Please write the listing below out again exactly, leaving every picture behind.

- _DATASET EXTRACT_
BEGIN
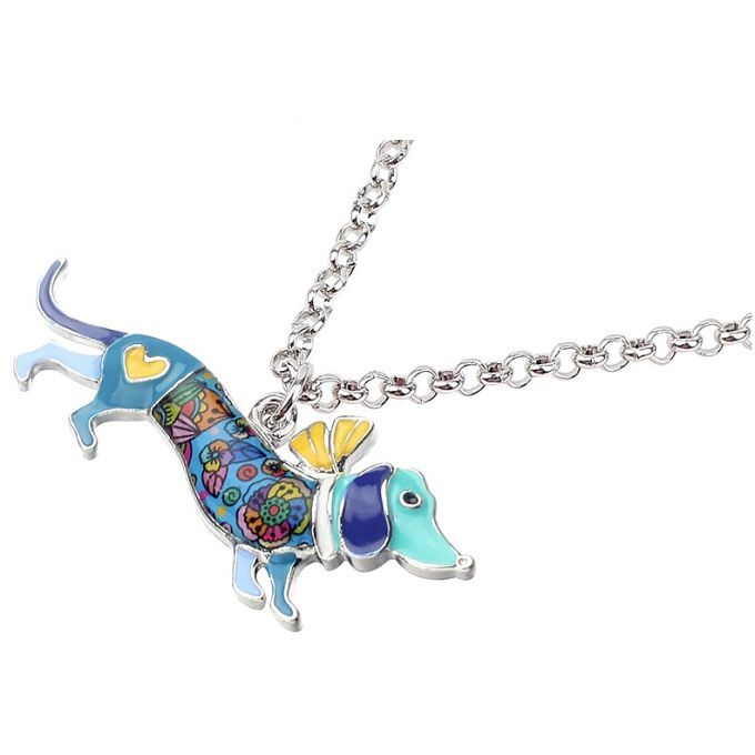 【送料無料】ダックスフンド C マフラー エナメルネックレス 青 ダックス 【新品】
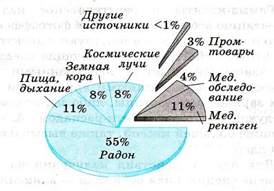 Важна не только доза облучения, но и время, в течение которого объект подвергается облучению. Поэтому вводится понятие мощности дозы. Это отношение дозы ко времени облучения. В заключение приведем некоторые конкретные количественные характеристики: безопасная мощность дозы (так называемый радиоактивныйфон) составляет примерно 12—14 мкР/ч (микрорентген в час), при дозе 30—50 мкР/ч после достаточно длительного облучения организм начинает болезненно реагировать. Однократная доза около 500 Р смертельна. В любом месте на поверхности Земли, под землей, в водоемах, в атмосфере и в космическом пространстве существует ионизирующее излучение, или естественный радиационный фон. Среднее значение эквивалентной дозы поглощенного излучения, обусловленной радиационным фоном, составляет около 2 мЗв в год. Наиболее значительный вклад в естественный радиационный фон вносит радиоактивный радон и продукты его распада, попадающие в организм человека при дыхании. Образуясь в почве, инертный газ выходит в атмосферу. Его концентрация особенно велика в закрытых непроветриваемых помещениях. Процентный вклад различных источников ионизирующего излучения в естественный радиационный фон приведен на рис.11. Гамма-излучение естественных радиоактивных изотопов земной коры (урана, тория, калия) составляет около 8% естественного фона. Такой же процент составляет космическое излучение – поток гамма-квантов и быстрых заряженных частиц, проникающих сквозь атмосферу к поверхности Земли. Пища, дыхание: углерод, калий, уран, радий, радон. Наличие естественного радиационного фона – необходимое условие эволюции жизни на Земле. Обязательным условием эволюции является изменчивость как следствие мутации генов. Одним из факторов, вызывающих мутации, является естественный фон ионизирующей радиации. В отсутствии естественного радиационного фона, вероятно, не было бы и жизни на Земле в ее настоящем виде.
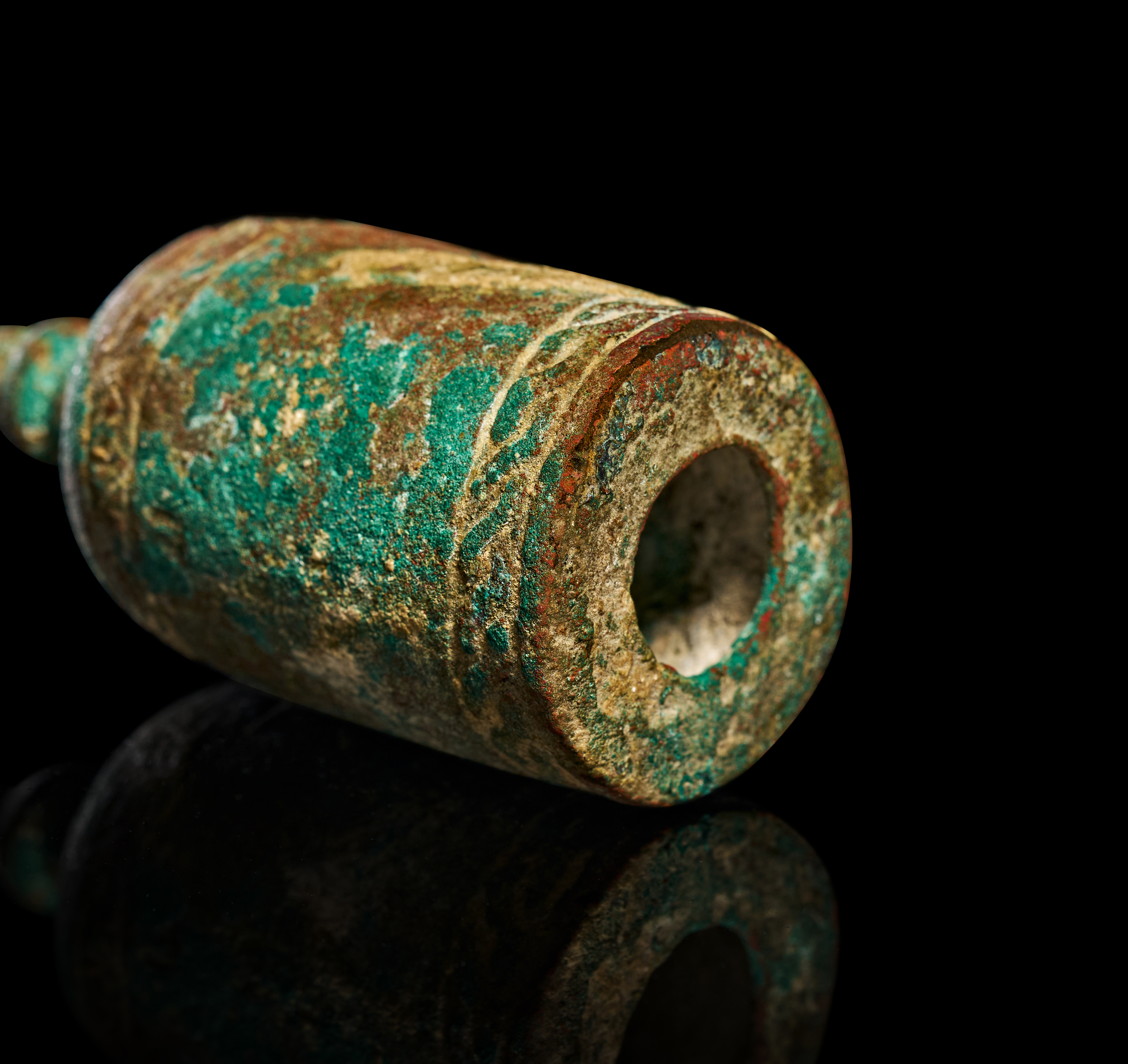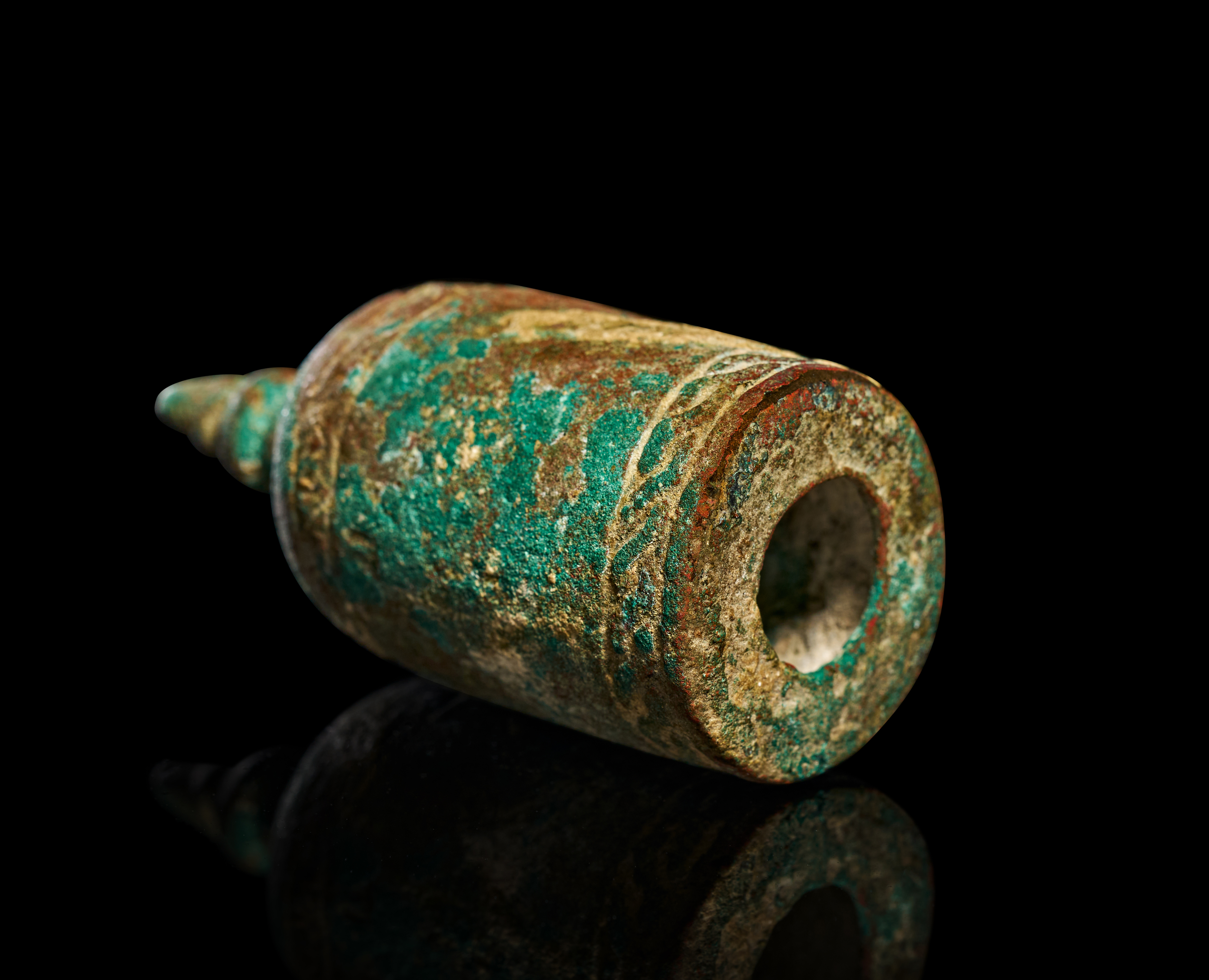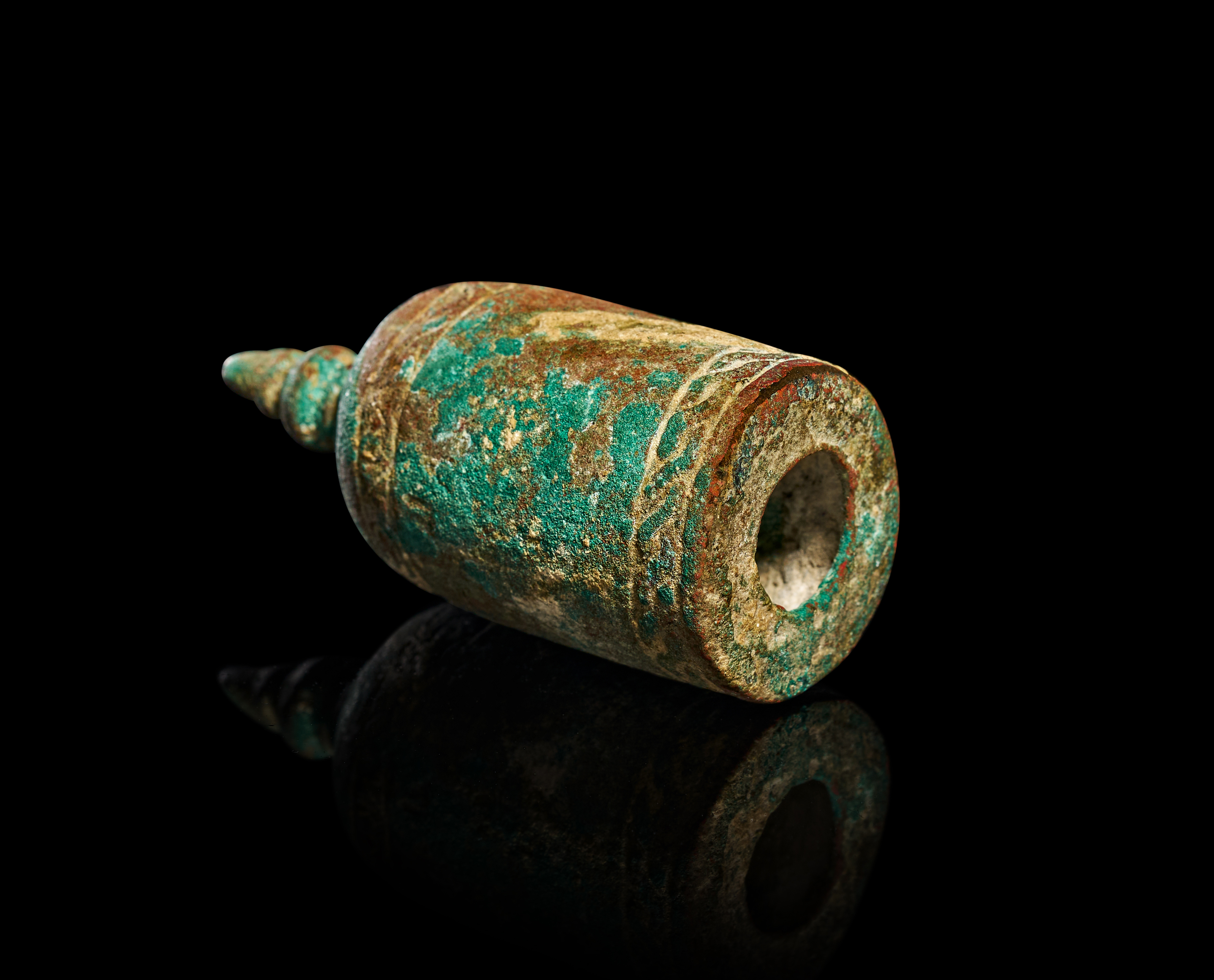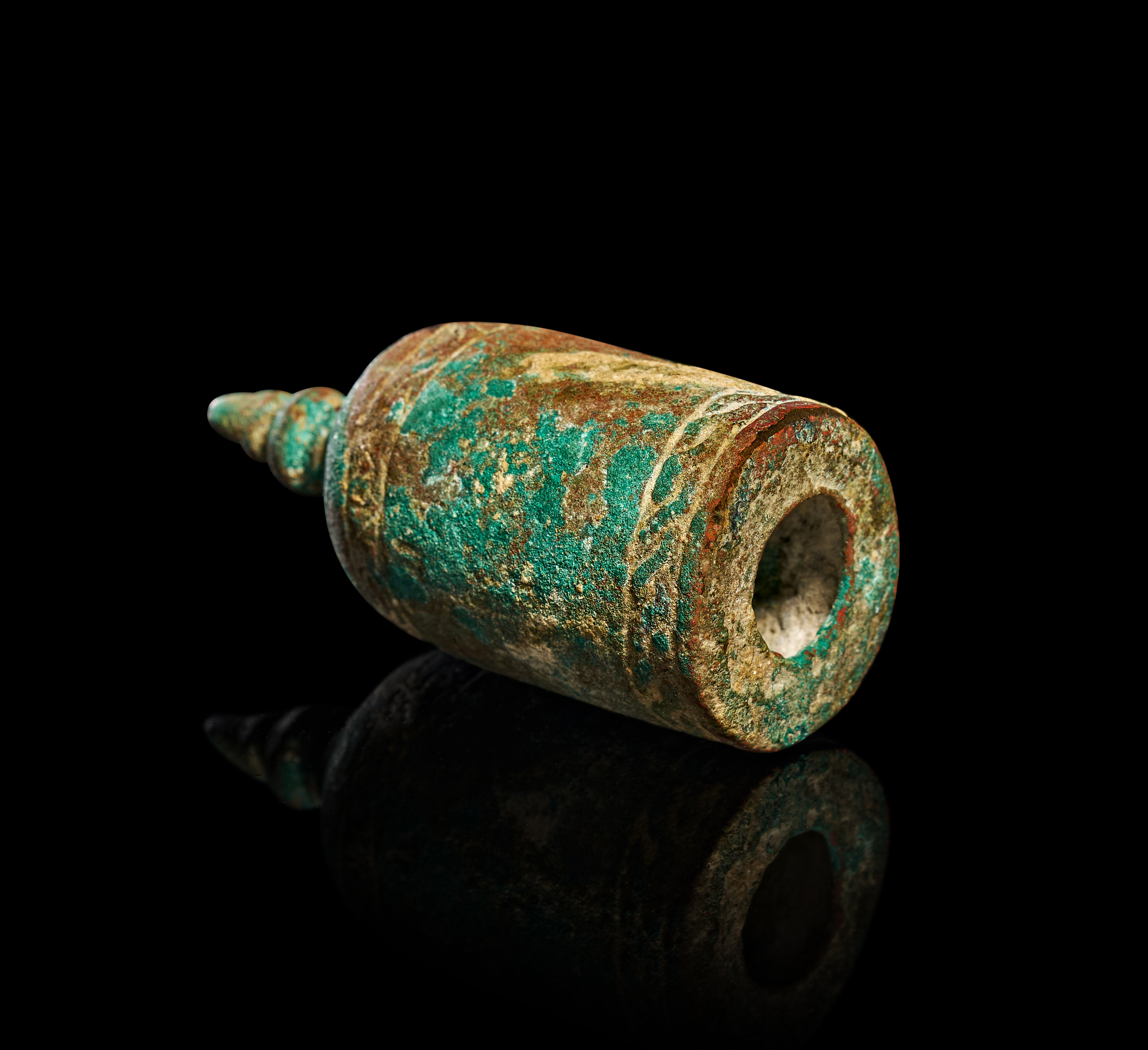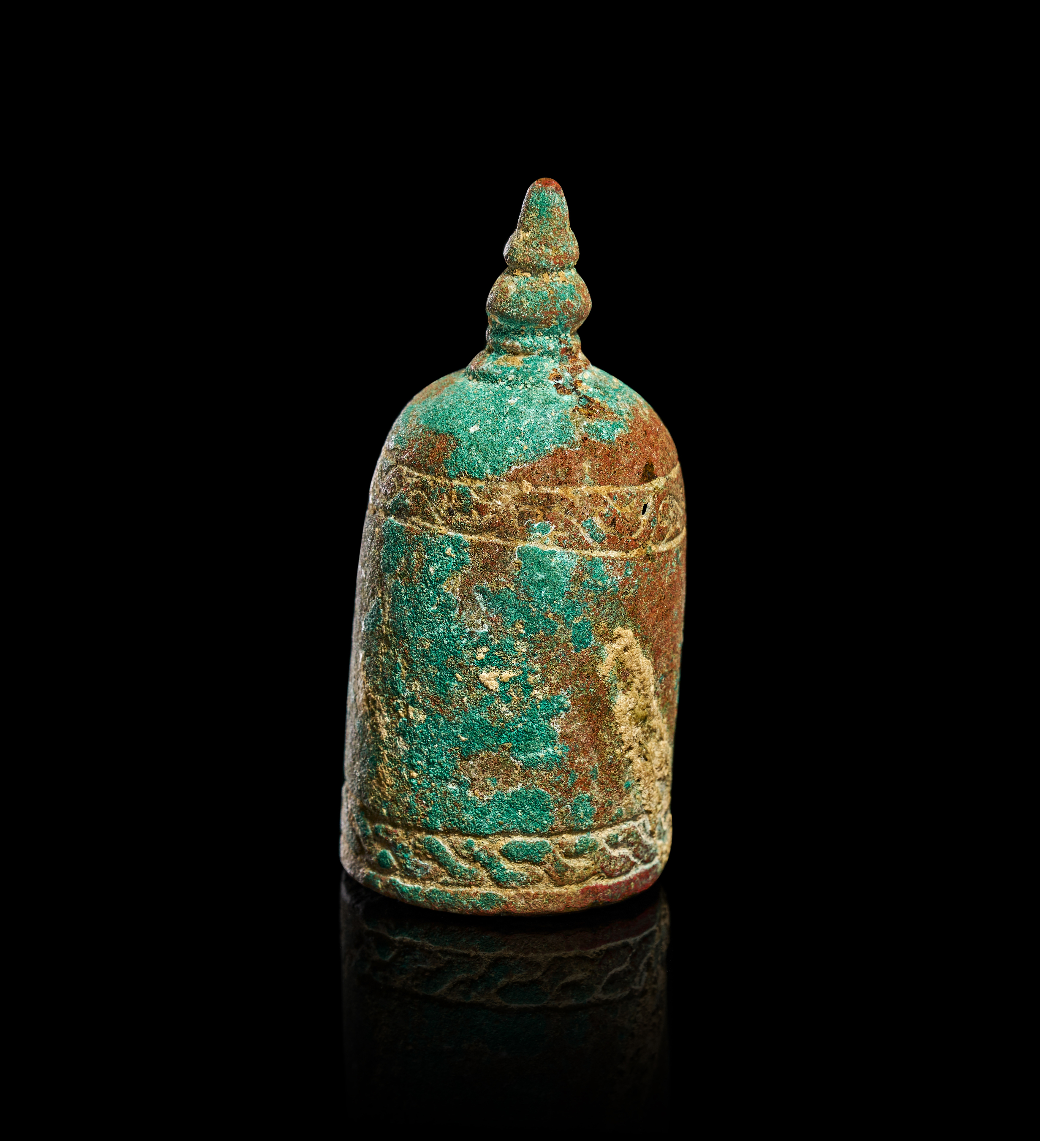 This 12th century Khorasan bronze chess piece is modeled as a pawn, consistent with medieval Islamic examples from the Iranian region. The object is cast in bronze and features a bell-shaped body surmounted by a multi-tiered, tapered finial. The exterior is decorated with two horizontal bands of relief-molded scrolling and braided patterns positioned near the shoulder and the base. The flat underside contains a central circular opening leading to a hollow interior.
END
- _ANSWER FOR THIS EXERCISE_
 【送料無料】ダックスフンド C マフラー エナメルネックレス 青 ダックス 【新品】
 Важна не только доза облучения, но и время, в течение которого объект подвергается облучению. Поэтому вводится понятие мощности дозы. Это отношение дозы ко времени облучения. В заключение приведем некоторые конкретные количественные характеристики: безопасная мощность дозы (так называемый радиоактивныйфон) составляет примерно 12—14 мкР/ч (микрорентген в час), при дозе 30—50 мкР/ч после достаточно длительного облучения организм начинает болезненно реагировать. Однократная доза около 500 Р смертельна. В любом месте на поверхности Земли, под землей, в водоемах, в атмосфере и в космическом пространстве существует ионизирующее излучение, или естественный радиационный фон. Среднее значение эквивалентной дозы поглощенного излучения, обусловленной радиационным фоном, составляет около 2 мЗв в год. Наиболее значительный вклад в естественный радиационный фон вносит радиоактивный радон и продукты его распада, попадающие в организм человека при дыхании. Образуясь в почве, инертный газ выходит в атмосферу. Его концентрация особенно велика в закрытых непроветриваемых помещениях. Процентный вклад различных источников ионизирующего излучения в естественный радиационный фон приведен на рис.11. Гамма-излучение естественных радиоактивных изотопов земной коры (урана, тория, калия) составляет около 8% естественного фона. Такой же процент составляет космическое излучение – поток гамма-квантов и быстрых заряженных частиц, проникающих сквозь атмосферу к поверхности Земли. Пища, дыхание: углерод, калий, уран, радий, радон. Наличие естественного радиационного фона – необходимое условие эволюции жизни на Земле. Обязательным условием эволюции является изменчивость как следствие мутации генов. Одним из факторов, вызывающих мутации, является естественный фон ионизирующей радиации. В отсутствии естественного радиационного фона, вероятно, не было бы и жизни на Земле в ее настоящем виде.
 This 12th century Khorasan bronze chess piece is modeled as a pawn, consistent with medieval Islamic examples from the Iranian region. The object is cast in bronze and features a bell-shaped body surmounted by a multi-tiered, tapered finial. The exterior is decorated with two horizontal bands of relief-molded scrolling and braided patterns positioned near the shoulder and the base. The flat underside contains a central circular opening leading to a hollow interior.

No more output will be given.